Голоса звучали громче, не так, как на Земле: атмосфера здесь была плотнее. И показатель преломления воздуха был немного «не по глазам»: дальние предметы расплывались, колыхались — ну, к этому недолго привыкнуть.
Резницкий озабоченно осматривал контейнеры с аппаратурой и снаряжением, выгруженные из десантного бота.
Вот человек, которого никогда не отягощали праздные мысли, подумал Новиков. Вслух он сказал:
— Поздравляю с возвращением, Сергей Сергеич.
— Что? — откликнулся Резницкий. — Ах, да… Вас тоже, Алеша. Займитесь, пожалуйста, маяком.
Новиков открыл контейнер с навигационными приборами, установил треногу и начал «ловить полдень». Затем развернул фотокарту, сделанную при обследовании с круговой орбиты, сверился по ориентирам, нанес место высадки. Вырыл электробуром яму. Втроем они подняли тяжелый цилиндр радиомаяка, всадили его в яму, и Новиков залил основание цемопластом.

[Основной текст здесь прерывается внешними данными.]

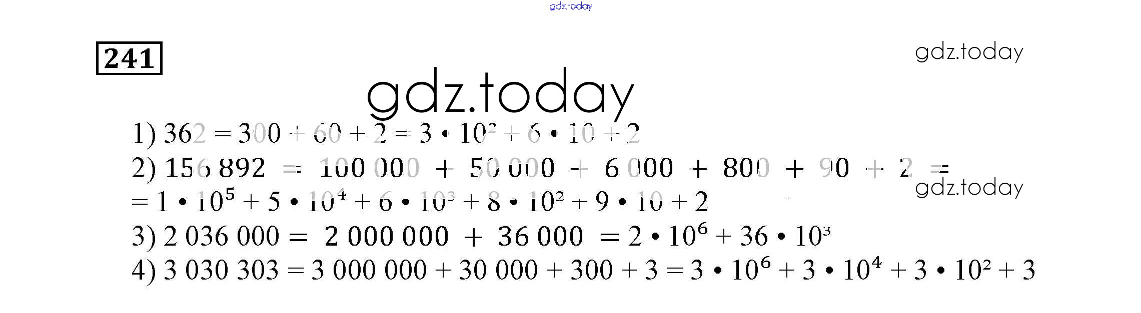 На страницах сайта gdz.today вы найдете учебный и вспомогательный материал, направленный на улучшения знаний школьной программы. ГДЗ - онлайн мир знаний Решение к упражнениям 241 Учебнику по Математике для 5 класса Муравин, Муравина Дрофа 2016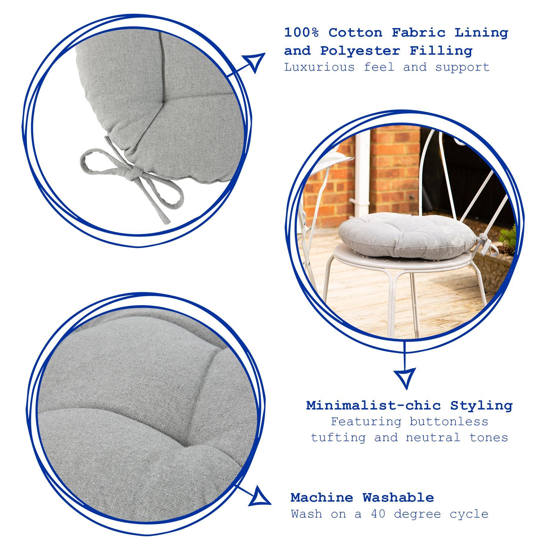 Designed with comfort and durability in mind, this soft round cushion is filled with polyester fibre, so you can be sure it will retain its shape and stand the test of time when enduring many a backside, whilst the lining is crafted from 100% premium cotton, meaning you don't need to worry about any spillages and stains that may occur!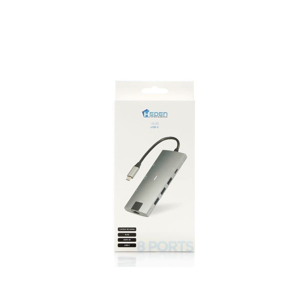 Hub USB-C pour Macbook&PC 8 ports: USB x 3 + HDMI 4k*2k@30Hz +RJ45 1000Mbit/s + USB-C (charge 60W et tran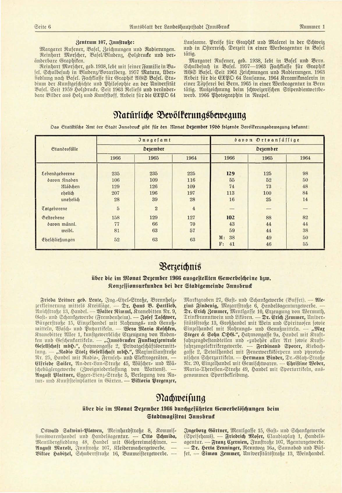 über die im Monat Dezember 1966 ausgestellten Gewerbescheine bzw.

Все это было не только необходимой, но и спасительной работой, — потому что, сколько ни говори об опыте и выдержке, первые часы на чужой планете всегда самые трудные. Конечно, если ты нормальный человек, а не одержимый вроде Резницкого.

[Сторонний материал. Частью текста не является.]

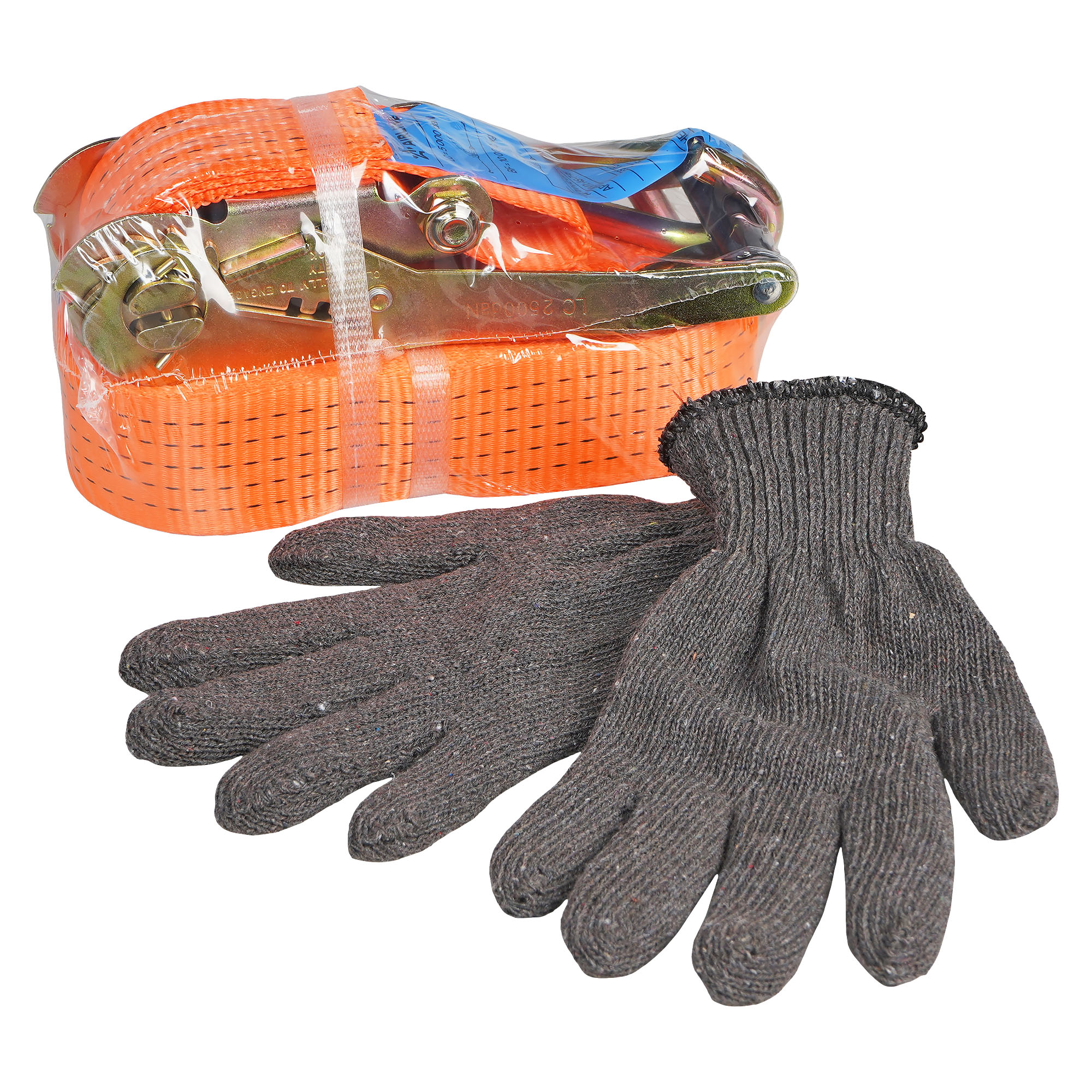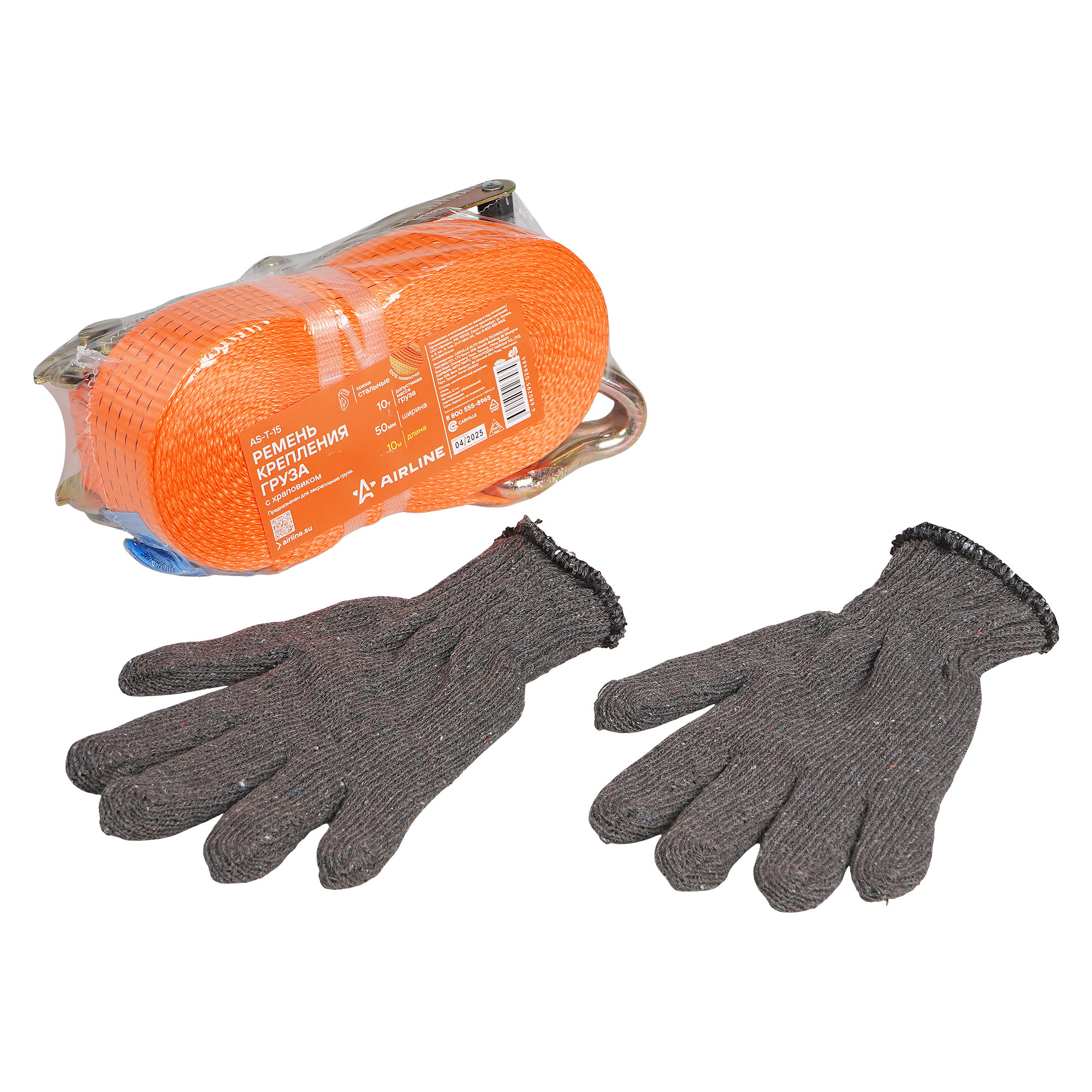 Комплект дополнен трикотажными хлопчатобумажными перчатками (1 пара) — серые. Перчатки обеспечивают защиту рук при работе с грузом, повышают удобство и безопасность при фиксации ремня, особенно в условиях низких температур или при длительном использовании.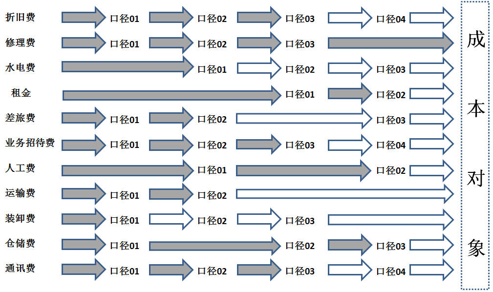 对于某个费用项目,传统成本计算往往采用一个分摊标准向产品进行分摊。多维组合成本计算,由于费用项目下的不同明细可能有不同的分摊标准,因此需要按每个明细项目进行分摊,工作量会比较大,当然也仅仅是工作量的问题。许多明细项目的归集和分摊方式是完全相同的,因此可在穷举式调研的基础上按归集和分摊方式对明细项目进行分类,同一分类的明细项目可统一进行归集和分摊。

Они принялись грузить контейнеры в грузовой люк вездехода.
— Не надо, Таня, — сказал Резницкий. — Этот ящик тяжелый. Оставьте, оставьте…
Таня не послушалась.
— Кажется, договорились, — спокойно сказала она, дотащив ящик. — : В экспедиции — никаких различий. — И добавила, скользнув взглядом по Резницкому: — Вы запыхались, Сергей Сергеевич. Отдохните.
Вот ведьма, подумал Новиков с невольным восхищением.
Таня Макарова была красива редкостной античной красотой — правда, несколько холодноватой. Только маловероятное сочетание элементов наследственности могло дать такой результат. Человечество, сравнительно недавно освободившееся of недоедания, войн, неравенства, табака и алкоголя, могло создать такой совершенный комплекс красоты и здоровья не раньше, чем через сто лет спокойного Солнца. Таня Макарова существовала как некое крайнее отклонение, как флюктуация вариантики. В студенческие годы она выводила историков на первые места по всем видам спорта, — пока не было вынесено решение: ввиду индивидуальной физической специфики спортивные результаты студентки социологического факультета Макаровой Т. И. не засчитывать, а регистрировать особо.